Both animal models showed comparable results on the residual allergenicity of partial hydrolyzed whey proteins, but none of the centers was able to differentiate between the residual sensitizing capacities of the pWH-B and -C based on a single elicitation parameter in the murine model. Differences in microbiota composition might contribute to the robustness of the food allergy murine model. For a well-balanced prediction on the potential allergenicity of hydrolyzed infant formulas a multiple murine parameter model is suggested to decrease the risk of false positive or false negative results. A future challenge is to develop an overall scoring system for proper risk assessment, taking all parameters into account.

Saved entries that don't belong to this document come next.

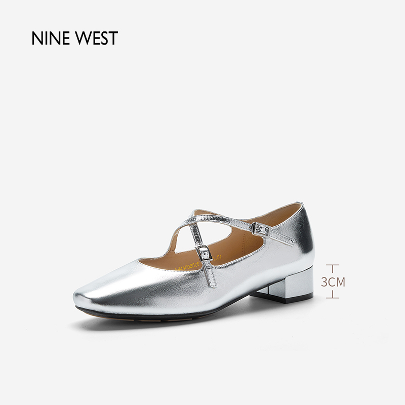 银色小皮鞋 浅口粗跟单鞋 女2025春季 气质圆头蝴蝶结一字带玛丽珍鞋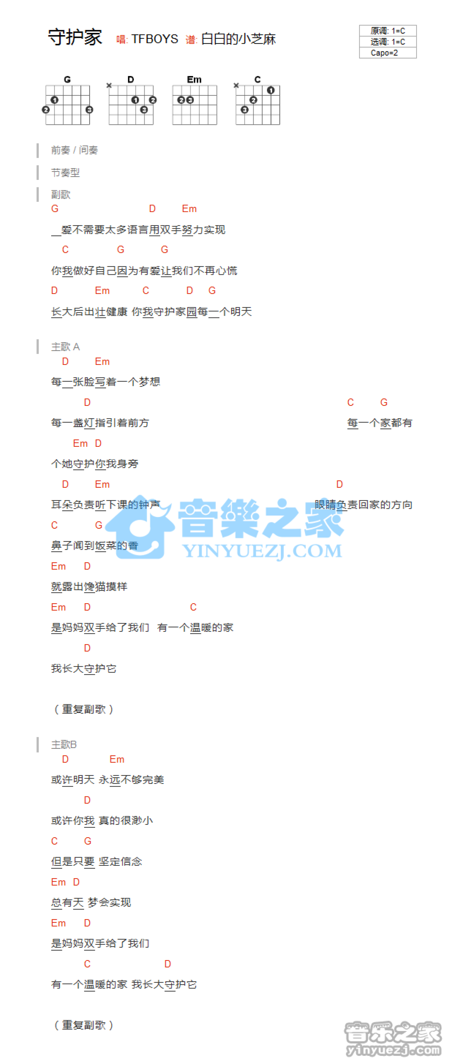 曲谱介绍: C调版《守护家》吉他和弦弹唱谱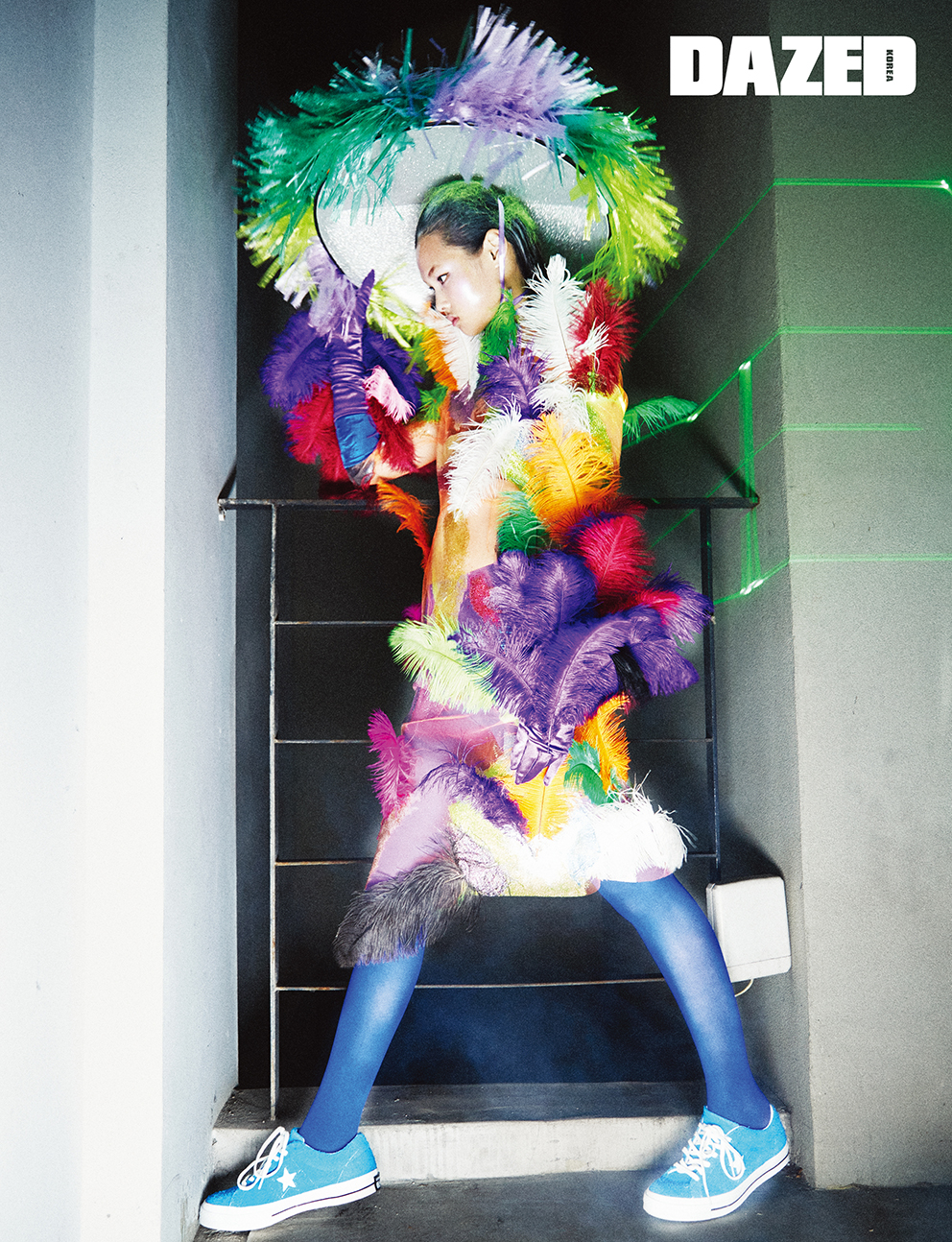 깃털이 돋보이는 미디 드레스와 보라색 장갑, 프린지 디테일의 헤드피스는 <데이즈드> X 제르마니에 익스클루시브(Germanier), 스니커즈는 컨버스(Converse), 파란색 스타킹은 에디터의 것.

本四项中心研究是验证水解婴儿配方食品安全性测试用食物过敏鼠模型的项目的一部分。
本多中心实验的目的是评估三种部分水解乳清蛋白(pWH)在牛乳过敏鼠模型中的残留致敏性,并与经典的豚鼠模型进行比较。先前的工作表明,各中心对乳清的过敏反应程度存在差异。为了初步了解饲养对鼠模型稳健性的影响,分析了非致敏小鼠的微生物组成,并在各中心之间进行了比较。
用霍乱毒素作为佐剂,通过胃内(i.g.)给予乳清、pWH 或 eWH 使小鼠致敏。在小鼠中,在乳清攻毒时测定乳清-IgE/IgG1、急性过敏症状。豚鼠通过自由饮水(第 0-37 天)经口致敏,并在第 49 天静脉内用乳清攻毒。在所有 4 个研究中心进行研究之前和之后,均在非致敏小鼠的粪便样本中测定微生物组成。
除中心 4 的 pWH-A 外,我们观察到所有中心的乳清致敏小鼠和用 pWH-A、-B、-C 致敏的小鼠中均检测到乳清-IgE 水平升高。由于阳性对照中 IgE 水平无统计学意义,中心 2 被排除在进一步分析之外。与乳清处理的小鼠不同,pWH-A 处理的小鼠在所有中心的乳清攻毒时均未出现急性皮肤反应、mMCP-1 释放或体温变化,这与在鼠和豚鼠模型中均未出现过敏性休克症状相对应。pWH-B 和 -C 在豚鼠和小鼠中引起过敏性休克症状,而在小鼠中其余过敏结果的结果尚无定论。在微生物组组成方面,没有因攻毒而发生变化,微生物组组成取决于中心的位置。
两种动物模型在部分水解乳清蛋白的残留致敏性方面均显示出可比的结果,但没有一个中心能够根据鼠模型中的单一激发参数区分 pWH-B 和 -C 的残留致敏能力。微生物组组成的差异可能有助于食物过敏鼠模型的稳健性。为了对水解婴儿配方食品的潜在致敏性进行良好的平衡预测,建议使用多参数鼠模型,以降低假阳性或假阴性结果的风险。未来的挑战是开发一种整体评分系统,以适当考虑所有参数进行正确的风险评估。